You can either create the spreadsheet and delimited text file or you can download the files from http://www.esnips.com/web/DataMashupSandraUseCaseFiles. Note that the name of the XLS file that is available to download has been changed from sandra-data.xls to company-data.xls for this exercise.

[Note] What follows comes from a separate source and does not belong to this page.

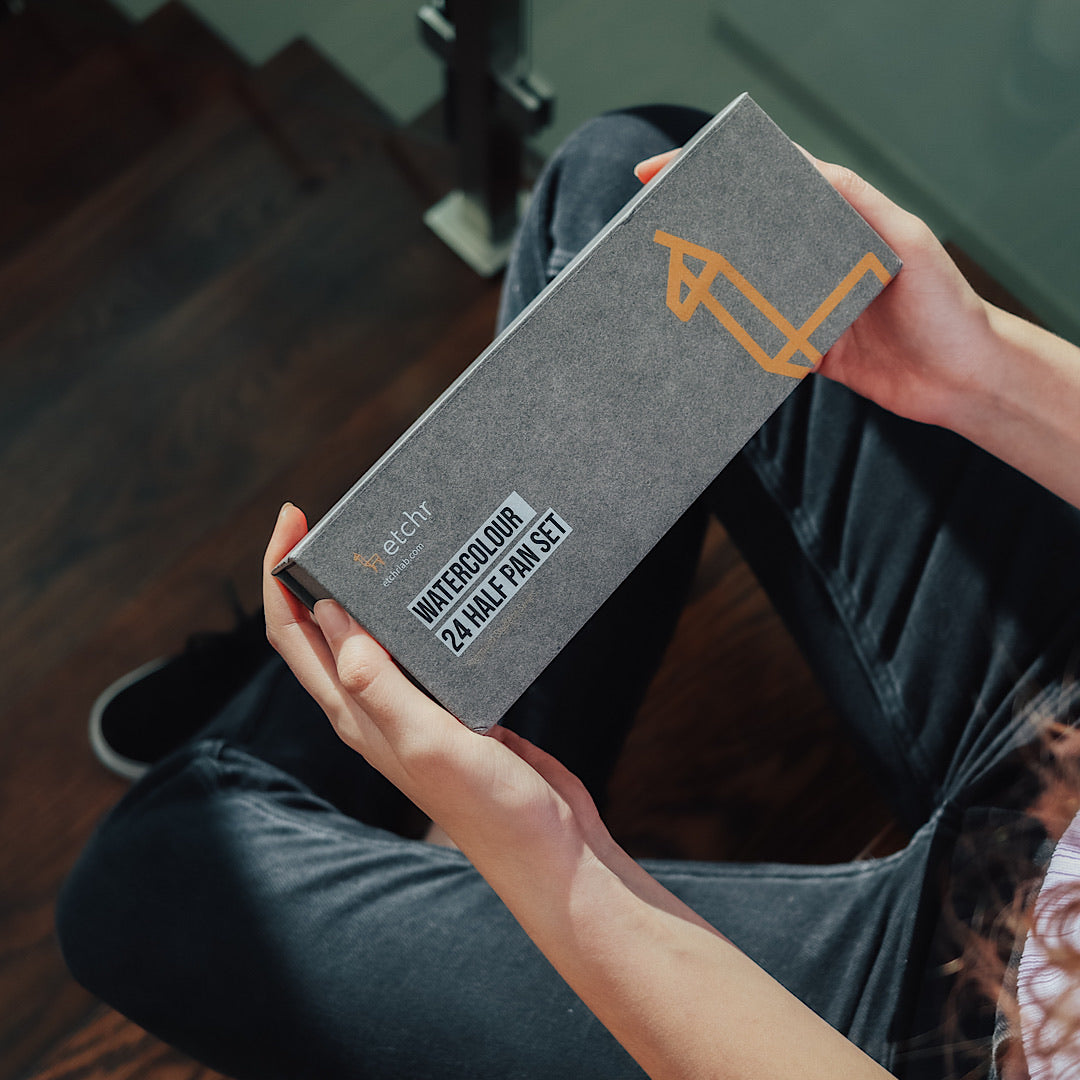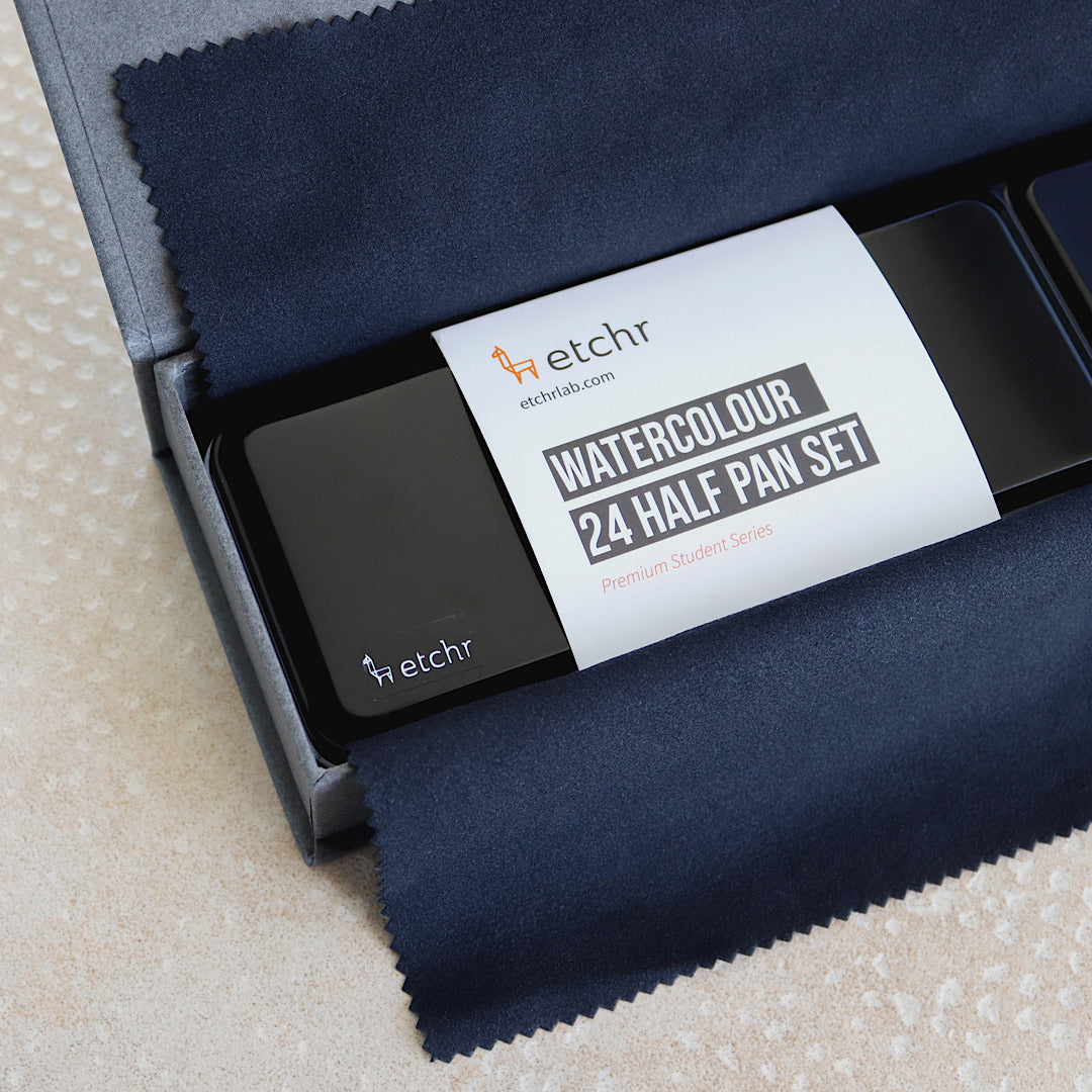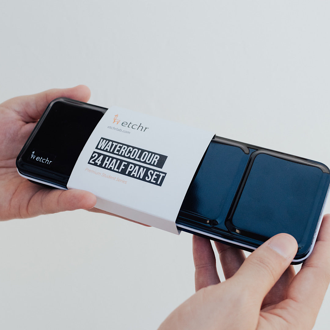 Hand-picked vegan friendly watercolours in a set of 24 half pans. Premium student grade colours. Half pans come in inside a black metal box for easy carry, a swatching paper, and a durable outer box for safe packaging and delivery.

  1. Create an Excel spreadsheet named company-data.xls that contains the following information:

    EQ162 

    Funnel 

    Shelly glass and labs 

    LC05647 

    EQ763 

    Spirit 

    Torry Harris Equipment 

    LC23456 

    EQ785 

    Beaker 

    Torry Harris Equipment 

    LC23456 

    EQ232 

    Wire mesh 

    Angels Enterprises 

    LC34267 

    EQ892 

    Stirrer 

    Angels Enterprises 

    LC34267 

    EQ232 

    Wire mesh 

    Kittens Inc. 

    LC45634 

    EQ763 

    Asbestos sheets 

    Labkron Instruments 

    LC56473 

    EQ785 

    Beaker 

    Labkron Instruments 

    LC56473 

    EQ162 

    Funnel 

    Labtech Inc. 

    LC56743 

    EQ763 

    Asbestos sheets 

    Labtech Inc. 

    LC56743 

    EQ763 

    Spirit 

    Peter Labs and Instruments 

    LC63234 

    EQ563 

    Test tube 

    Peter Labs and Instruments 

    LC63234 

    EQ092 

    Pipette 

    Patel Lab Exports 

    LC67384 

    EQ243 

    Bunsen burner 

    Alaska Lab Equipment 

    LC76483 

    EQ892 

    Stirrer 

    Alaska Lab Equipment 

    LC76483 

    EQ162 

    Funnel  

    Safe Labs Inc. 

    LC87635 

    EQ563 

    Test tube 

    Davidson Equipment Exports 

    LC87645 

    EQ092 

    Pipette 

    Andrew Instruments 

    LC97627 

    EQ243 

    Bunsen burner 

    Andrew Instruments 

    LC97627 

    EQ162 

    Funnel 

    Andrew Instruments 

    LC97627 

  2. Create a delimited text file named supplier-address.txt that contains the following information:


    LC76434|Yahoo Labs and Instruments|1285, 1st Avenue 69th and 70th, New York, NY 10021
    LC76323|Isabel Instruments|330 SUNRISE HIGHWAY, ROCKVILLE CTR, NY 11570
    LC76483|Alaska Lab Equipment|275 SOUTH STREET, OYSTER BAY, NY 11771
    LC63234|Peter Labs and Instruments|430 E MAIN ST, BAY SHORE, NY 11706
    LC34267|Angels Enterprises|2950 AVENTURA BLVD, AVENTURA, FL 33180
    LC45634|Kittens Inc.|South Town Center, 10450 S State St, Sandy, UT 84070
    LC87635|Safe Labs Inc.|Guadalupe Center, 333 Montezuma Ave, Santa Fe, NM 87501
    LC56473|Labkron Instruments|Casis Village, 2700 Exposition, Austin, TX 78703
    LC56743|Labtech Inc.|Midtown, 911 W 38th St, Austin, TX 78705
    LC67384|Patel Lab Exports|3 University Dr, Augusta, ME 04330
    LC05647|Shelly glass and labs|633 W 5th St Los Angeles, CA 90071
    LC87645|Davidson Equipment Exports|South Town Center, 10450 S State St, Sandy, UT 84070
    LC23456|Torry Harris Equipment|Fairlawn Drive Up, 5325 Sw 21st St, Topeka, KS 66604
    LC97627|Andrew Instruments|Valero 4550, 115 N Greeley Hwy, Cheyenne, WY 82001

ProcedureTo Create the Data Mashup Database

Before You Begin

Before beginning this procedure, you must have the above-mentioned files ready and stored on your computer, and have started the NetBeans IDE.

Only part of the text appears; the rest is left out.